Hi @Maged That's a great question, which could lead to deep discussion with respect to practice-oriented differences. I would start with this: the credit value adjustment (CVA), because it assigns a price to counterparty risk, is essentially an estimate of expected (future) losses, while credit value at risk (CVaR) is an estimate of (future) potential unexpected losses (UL). At the risk of brutal and indefensible simplification : CVA --> EL and CVaR --> UL. Both refer to credit risk and they do complement (we can calculate CVA and CVaR for the same credit exposure). The CVA adjustment reduces the (mark to market) value of a position by pricing its counterparty risk, while the CVaR would inform the (regulatory or economic) capital buffer in anticipation of the unexpected losses; ie., expected losses are typically "priced into" products or expensed into P&Ls as an income statement perspective, whereas unexpected losses are typical an issue of capital buffer as a balance sheet perspective. Philosophically, I think we could say they both concern the future distribution of a credit exposure where the CVA concerns the precisely-measured mean of the future distribution (note the CVA formula is basically an time-informed EL = PD*EAD*LGD) while CVaR is the approximately-estimated loss quantile (minus the EL). I hope that's a helpful frame!
Many thanks @David Harper CFA FRM
Is it right to say that from application point of view:
- Credit VaR is for loans provided to retail & corporate
- CVA is for exposure at counterparty (Opposite side with a financial institution)
I'm looking for practical application on the ground for solid understanding
I think you can calculate both the CVA and the CVaR for Corporate/Retail Loans as well as any security based Counterparty exposure. In line with what @David Harper CFA FRM has pointed out, I would hazard that CVA is more of an Accounting Measure that tries to incorporate the Expected Losses in the Statement of P/L (Income Statement). There are currently discussions going on in the Accounting world regarding the validity of using CVA as well as its sister, the DVA (notorious) ( to reduce the amount of recoverable / to increase the amount recoverable from a counterparty ). CVA is like a provision for Bad and Doubtful debts where we can only provide for the known losses, here the expected losses.
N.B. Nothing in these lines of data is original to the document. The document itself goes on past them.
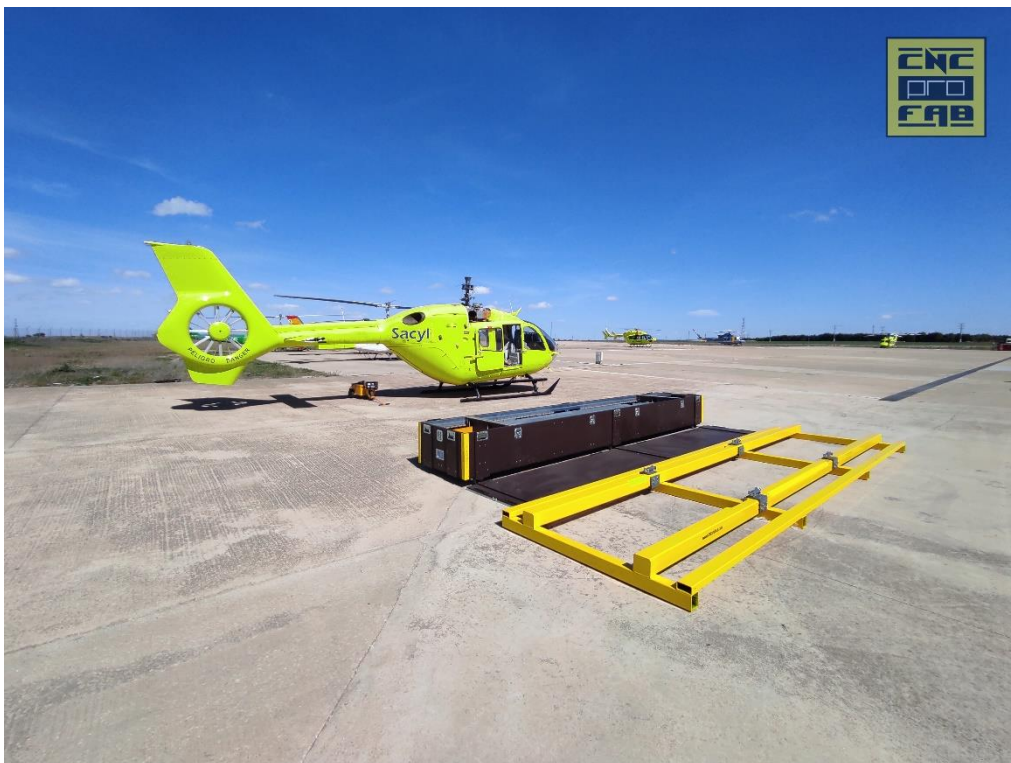
EC135 Sea Transport
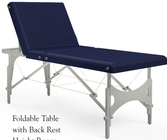
Foldable Table with Back Rest Height Range 24" - 34"
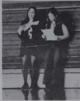
Here are two lone cheerers at the enthusiasm-packed pep rally Jan. 18.
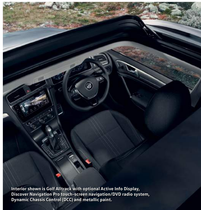
Interior shown is Golf Alltrack with optional Active Info Display, Discover Navigation Pro touch-screen navigation/DVD radio system, Dynamic Chassis Control (DCC) and metallic paint.

Off-road setting, including hill descent assist
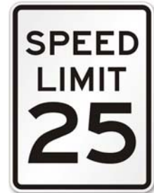
Figure 2: Arizona Street Speed Limit

Arizona Street is a 28-ft wide roadway with curb and gutter, and 3.5-ft wide sidewalks. On-street parking is also available on both sides of the roadway. See Figure 3 and 4 for photos of the existing Arizona Street, and Figure 5 for the existing typical section along Arizona Street.
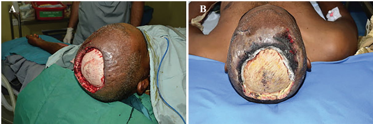
Fig. 2: A) Patient after first debridement. B) Development of fungal infection with fungal hyphae seen in the wound.
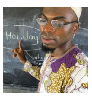
Tell the pupils to read out the ideas on their brainstorm sheet.
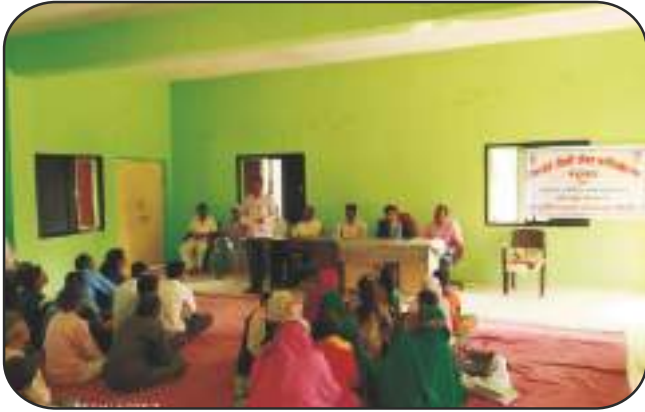
Legal Awareness programme on 11/02/2020 on the subject of PC and PNDT Act.
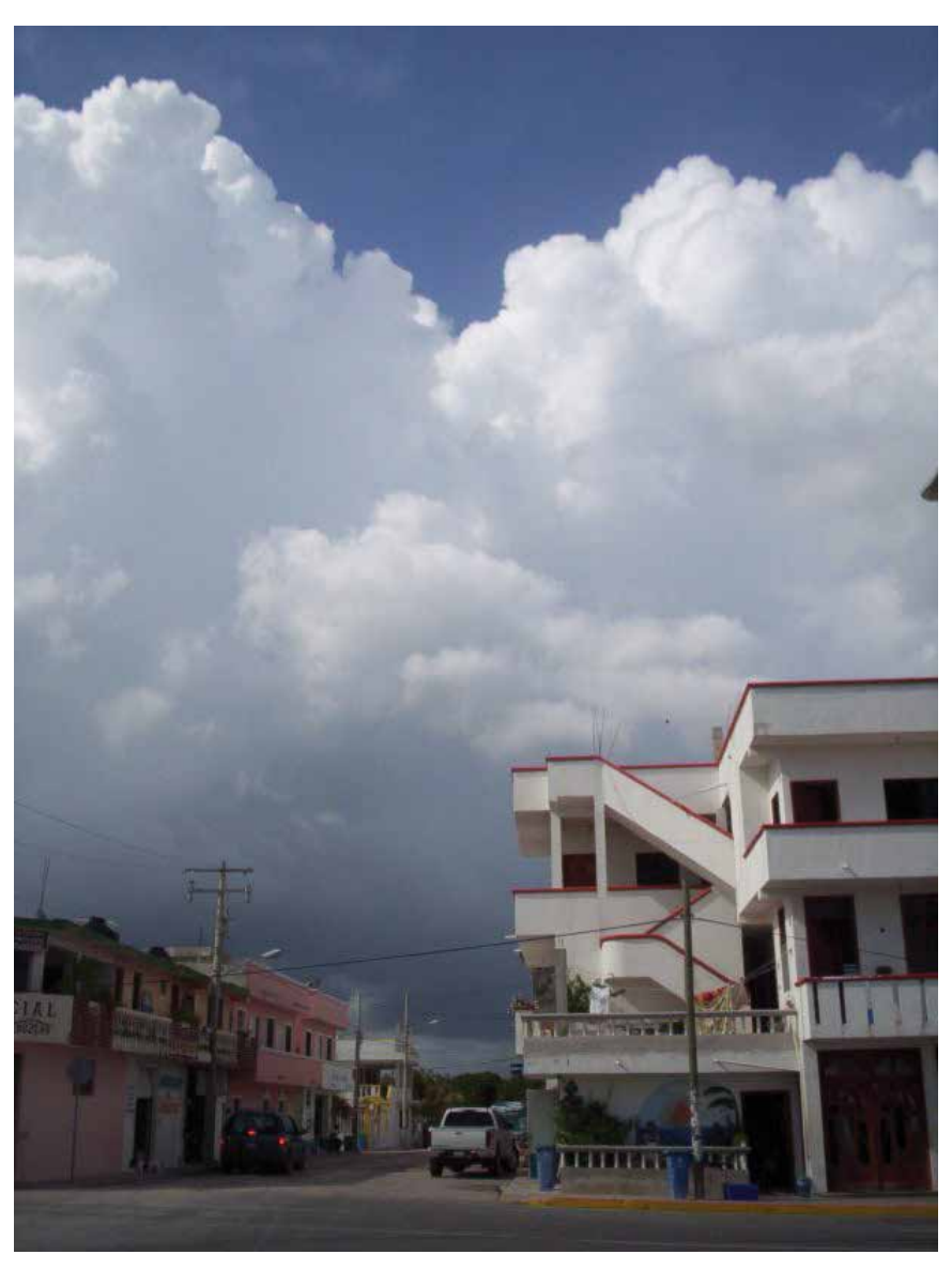
After The Rain...Mexico Village Audra Glenn
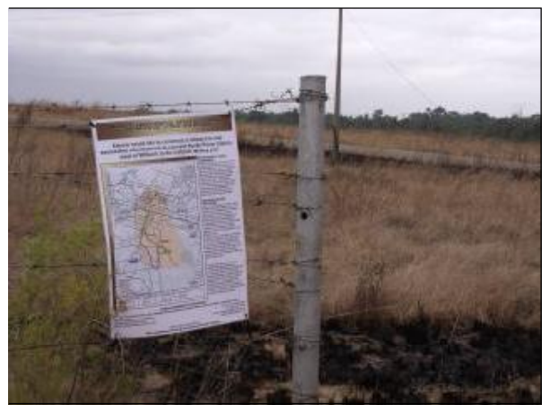
FIGURE 3-3: SITE NOTICE BOARDS WERE PUT UP IN THE STUDY AREA.

Notice boards were positioned at prominent localities during June 2009. These notice boards were placed along each alternative corridor, at conspicuous places and at various public places (Appendix G). Site notices were placed prominently to invite stakeholder participation (Figure 3-3).
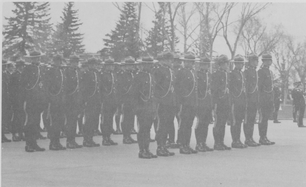
Members of Troop 18-77/78 on the C/S/M's Parade.

What are the future plans for training recruits in French? We anticipate that the Academy will be doing it again.
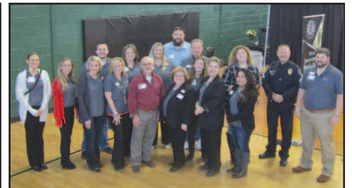
HLI Class 35
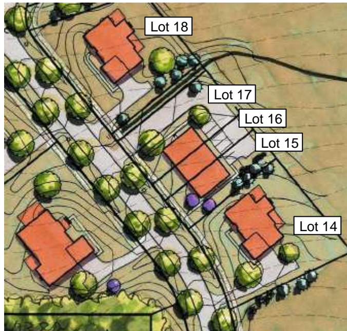
Figure 5: Additional MPDU on Victoria Place

CVaR on the other hand is nothing but a cousin of VaR where we find the Worst case loss in excess of Expected Loss which in turn can be used to set the amount of Capital needed to be set aside for the Credit Risks, in other words, we increase or decrease the Amount of Capital by using the CVaR. So, this is an addition to the Capital by using the Profits and by extension, other sources of funds, whereas CVA is a direct reduction from the amount of Exposure by a direct charge to the P/L ( more like an expense, provision)
I would say that the CVaR is like a Reserve for unexpected losses or say a contingent liability in our Balance Sheets.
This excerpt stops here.